++++ RECORDS SHOWN
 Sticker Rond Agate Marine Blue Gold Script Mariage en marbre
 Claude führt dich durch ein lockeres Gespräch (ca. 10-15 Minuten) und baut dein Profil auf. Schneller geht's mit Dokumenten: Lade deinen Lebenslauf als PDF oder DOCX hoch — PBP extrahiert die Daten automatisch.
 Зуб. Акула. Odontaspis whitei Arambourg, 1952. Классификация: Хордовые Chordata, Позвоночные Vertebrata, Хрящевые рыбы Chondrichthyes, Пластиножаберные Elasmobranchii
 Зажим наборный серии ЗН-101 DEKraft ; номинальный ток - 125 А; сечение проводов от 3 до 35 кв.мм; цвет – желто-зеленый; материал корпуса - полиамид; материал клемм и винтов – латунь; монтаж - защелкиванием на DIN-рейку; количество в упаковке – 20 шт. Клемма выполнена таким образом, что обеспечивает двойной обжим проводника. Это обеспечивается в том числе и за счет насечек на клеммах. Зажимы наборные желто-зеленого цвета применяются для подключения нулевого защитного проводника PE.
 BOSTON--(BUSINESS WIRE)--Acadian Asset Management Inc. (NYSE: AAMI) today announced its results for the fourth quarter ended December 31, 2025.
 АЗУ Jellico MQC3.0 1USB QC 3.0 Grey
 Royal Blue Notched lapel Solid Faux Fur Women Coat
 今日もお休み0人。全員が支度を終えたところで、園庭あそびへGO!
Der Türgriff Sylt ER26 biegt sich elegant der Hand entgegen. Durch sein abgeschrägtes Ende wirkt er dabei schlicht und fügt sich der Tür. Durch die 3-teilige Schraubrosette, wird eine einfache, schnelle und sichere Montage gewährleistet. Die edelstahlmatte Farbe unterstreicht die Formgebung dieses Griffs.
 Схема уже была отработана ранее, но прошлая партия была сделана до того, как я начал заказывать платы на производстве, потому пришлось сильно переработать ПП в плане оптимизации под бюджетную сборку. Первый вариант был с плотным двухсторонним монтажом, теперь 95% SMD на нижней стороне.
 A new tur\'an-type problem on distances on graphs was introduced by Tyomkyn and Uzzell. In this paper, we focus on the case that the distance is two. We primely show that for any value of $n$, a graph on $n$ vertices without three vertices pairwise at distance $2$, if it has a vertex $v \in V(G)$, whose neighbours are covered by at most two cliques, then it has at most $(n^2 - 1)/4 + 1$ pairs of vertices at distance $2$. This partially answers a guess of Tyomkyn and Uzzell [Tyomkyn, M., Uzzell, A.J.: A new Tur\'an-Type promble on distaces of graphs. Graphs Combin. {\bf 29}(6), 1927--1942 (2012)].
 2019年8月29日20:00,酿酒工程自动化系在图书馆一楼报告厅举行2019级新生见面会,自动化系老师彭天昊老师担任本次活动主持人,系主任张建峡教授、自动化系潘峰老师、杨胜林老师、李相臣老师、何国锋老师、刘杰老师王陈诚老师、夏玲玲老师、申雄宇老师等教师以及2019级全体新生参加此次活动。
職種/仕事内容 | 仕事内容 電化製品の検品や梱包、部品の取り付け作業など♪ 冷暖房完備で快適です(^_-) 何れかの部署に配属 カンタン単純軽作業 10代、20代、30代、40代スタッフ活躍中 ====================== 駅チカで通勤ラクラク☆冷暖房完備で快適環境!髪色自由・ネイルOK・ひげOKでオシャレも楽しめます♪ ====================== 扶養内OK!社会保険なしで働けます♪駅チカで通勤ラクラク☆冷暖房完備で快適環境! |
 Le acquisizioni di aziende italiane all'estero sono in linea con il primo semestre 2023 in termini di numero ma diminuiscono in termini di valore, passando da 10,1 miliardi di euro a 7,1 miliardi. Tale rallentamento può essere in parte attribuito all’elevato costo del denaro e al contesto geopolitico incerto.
++++++++
TASK:
An exact copy of the data is needed, running from its first line through the line that holds "Claude führt dich", and nothing beyond that.

YOUR SOLUTION:
 Sticker Rond Agate Marine Blue Gold Script Mariage en marbre
 Claude führt dich durch ein lockeres Gespräch (ca. 10-15 Minuten) und baut dein Profil auf. Schneller geht's mit Dokumenten: Lade deinen Lebenslauf als PDF oder DOCX hoch — PBP extrahiert die Daten automatisch.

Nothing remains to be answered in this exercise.